On my Bachmann gp38 install, I replaced the lights with leds. You could hook up your red and black wires from the decoder to track power, turn on the headlight (from your throttle) and measure the voltage output (white and blue) (forward light)...


----------



## graywolf06 (Aug 14, 2019)

Good idea ---Thanks --sounds like you want me to get the job done this weekend.


----------



## Andreash (Dec 30, 2018)

Where there’s a will, there’s a way....

I used leds (Evans designs) that are rated at 7 to 19 volts. The output is high from the decoder....

And lastly, if I recall, the motor wire leads were reversed. I had reconfigured cv29, but had headlight issues (run forward, rear light on and vice versa). I think I used cv63 to reconfigure the light, but it didn’t work. The real simply solution was to change the wire leads at the motor (took 2 minutes to resolder, vs looking up the digitrax website on a smartphone (15 minutes of searching)...cheers


----------



## DonR (Oct 18, 2012)

The typical decoder light output is 12v dc. The blue
wire is common, and you should note when
connecting LEDs, it is PLUS.
You would need resistors for the LEDs.

You can set the CVs on the Bachmann decoder but,
as others have noted, it does not offer the smooth
control most of us want. My brother did set the CVs
for me to enable consisting of my two GE 70 tonners. They
then were good performers. Capable of very smooth
walk speed. I did add weight so they could pull more
cars.

Don


----------



## dagnarble (Mar 23, 2010)

Go to the TCS website they have installation of decoder in GE70


----------



## graywolf06 (Aug 14, 2019)

dagnarble said:


> Go to the TCS website they have installation of decoder in GE70


Thanks for the tip.
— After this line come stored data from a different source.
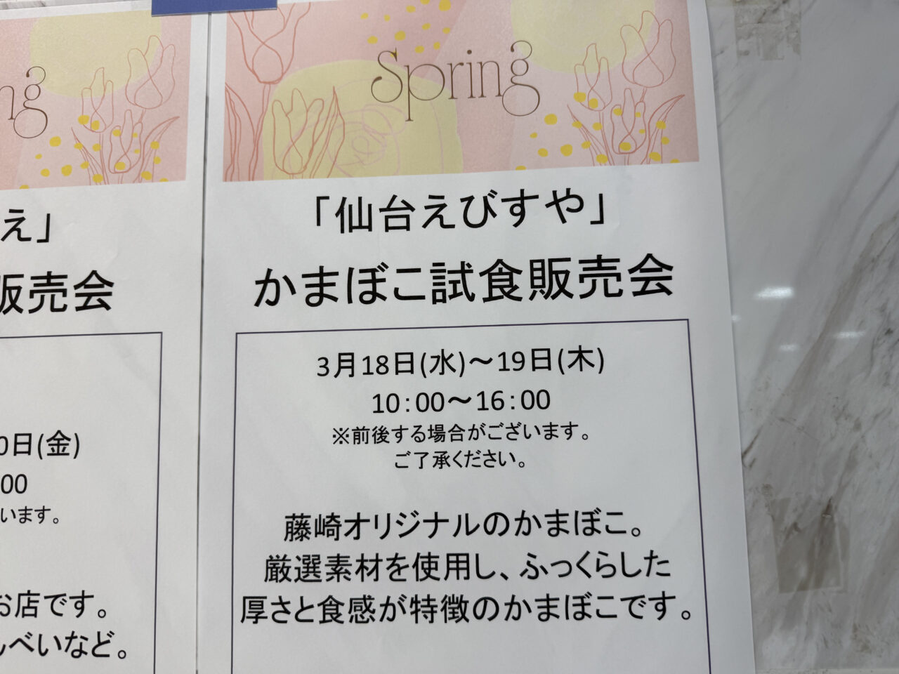 貼り紙によると、「仙台えびすや」のかまぼこ試食販売会が開催されるそうです。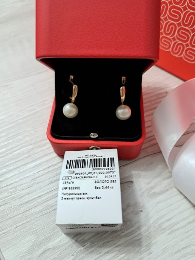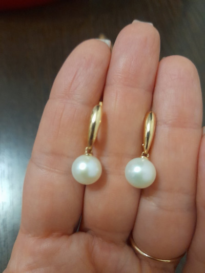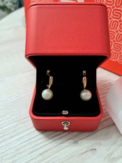 Подбирала серьги к жемчужному ожерелью с золотом. Подошли внешне идеально. Жемчуг крупный, ровный. По отзывам быстро перетирается петелька, на которой висит жемчуг, но мне так понравились, что я рискнула)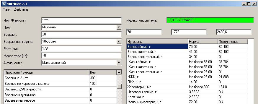 Вот небольшой пример, который может показать какое у нас расхождение с нормами для конкретного человека с определенным меню: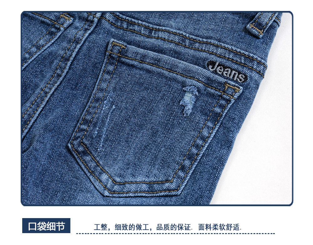 클래식 도매 어린이 의류 데님 캐주얼 대외 무역 십대 영국 스트레이트 다리 바지 여름 어린이 찢어진 데님 바지스토어 가기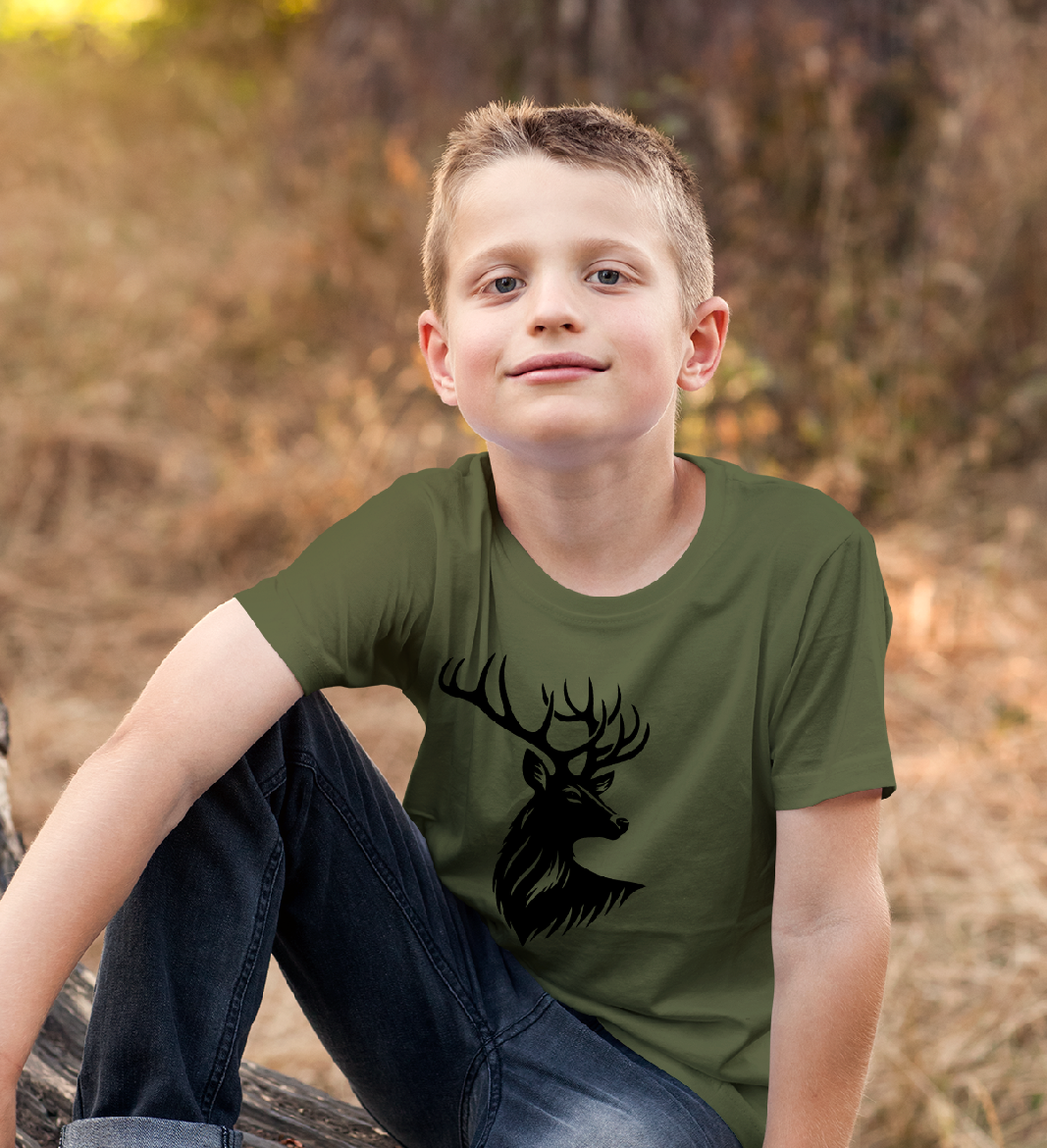Detské tričko s krátkym rukávom, poľovníckym motívom Jeleň ČJ7 pre malých dobrodruhov, ktorí majú radi zvieratka a prírodu.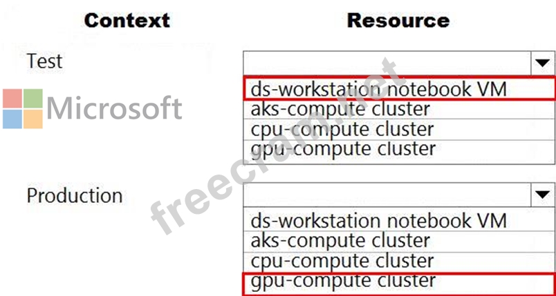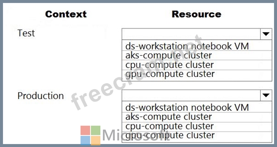 Which compute resources should you use? To answer, select the appropriate options in the answer area.

I had tried looking there but didn't look down the list at the Spectrum engines. They have some nice photos of the install but I don't see the point in leaving the old board in place just to have the lights supported. My plan is to eliminate the PCB and modify the weight so it sits where the original decoder or PCB is. I will insulate the weight with Kaplon tape and mount the new Digitrax decoder on top of it. I will eventually add LED lights from Evans into the shell but initially will try out the new setup without lights to see how it works. Thanks again.


----------



## Andreash (Dec 30, 2018)

Your on the right track removing the board. The advantage of some room, and a clean install will be worth it. Try to keep the leads long, but should a wire come off (from the truck), just resolder. I installed a decoder in a non dcc Bachmann F40 which involved grinding the metal weight, and typically most people wouldn’t try installing in this engine. But I wanted to see if it could be done, and I was up to the challenge ( I posted the install in the dcc section of the forum, as well as some others)...good luck and cheers


----------



## graywolf06 (Aug 14, 2019)

Well the deed is done. Just finished the install minus the speaker. I ran the loco without the body and the speaker just dragging along behind. It all worked except when I went to button it up the speaker got in the way. Clipped it off and taped up the wires for now. Will look for a tiny speaker. Had to grind the weight down so the decoder didn't go thru the roof. I kept track of how much weight I was removing and was very surprised. The original weight was 28gr and all I removed was 2 gr. The net effect was a gain of 4 gr since the Digitrax was heavier than the original. This switcher is less than half the size of my other diesels and I must give a hand to those of you that work on N scale. I had to resort to tucking in the wires with a wooden coffee stirrer. All in all the engine is super smooth and quite. Digitrax has a chart to set up a dedicated switcher which dials in very slow speeds via CV2,5 &6. Thanks for all the help you all gave me. Paul


----------



## flyboy2610 (Jan 20, 2010)

Glad you got it done! Now, on to the next one! (And you know there will BE a next one!  )


----------



## graywolf06 (Aug 14, 2019)

I thought I was finished but today I picked up a ESU 50321 sugarcube style speaker and installed it in the cab on the underside of the roof. Wow it sounds great and the little switcher has a real growl to it since the diesel program in the decoder is for a GP38. The operational difference of the engine is great compared to the stock setup. On to the next one.


----------



## sid (Mar 26, 2018)

he is addicted now hahahahaha any pics of the install hummmmm ?


----------



## graywolf06 (Aug 14, 2019)

Some photos if we are lucky. I filed some grooves in the weight to allow for the increased height of the Digitrax decoder. Only lost 2 grams of weight. The other photos show the decoder mounted with the old speaker which turned out to be too big. During operation this morning with the loco towing 5 cars I noticed that the traction is not good as it tried to go up a 2% grade. It just sat there spinning its wheels.


----------



## flyboy2610 (Jan 20, 2010)

graywolf06 said:


> During operation this morning with the loco towing 5 cars I noticed that the traction is not good as it tried to go up a 2% grade. It just sat there spinning its wheels.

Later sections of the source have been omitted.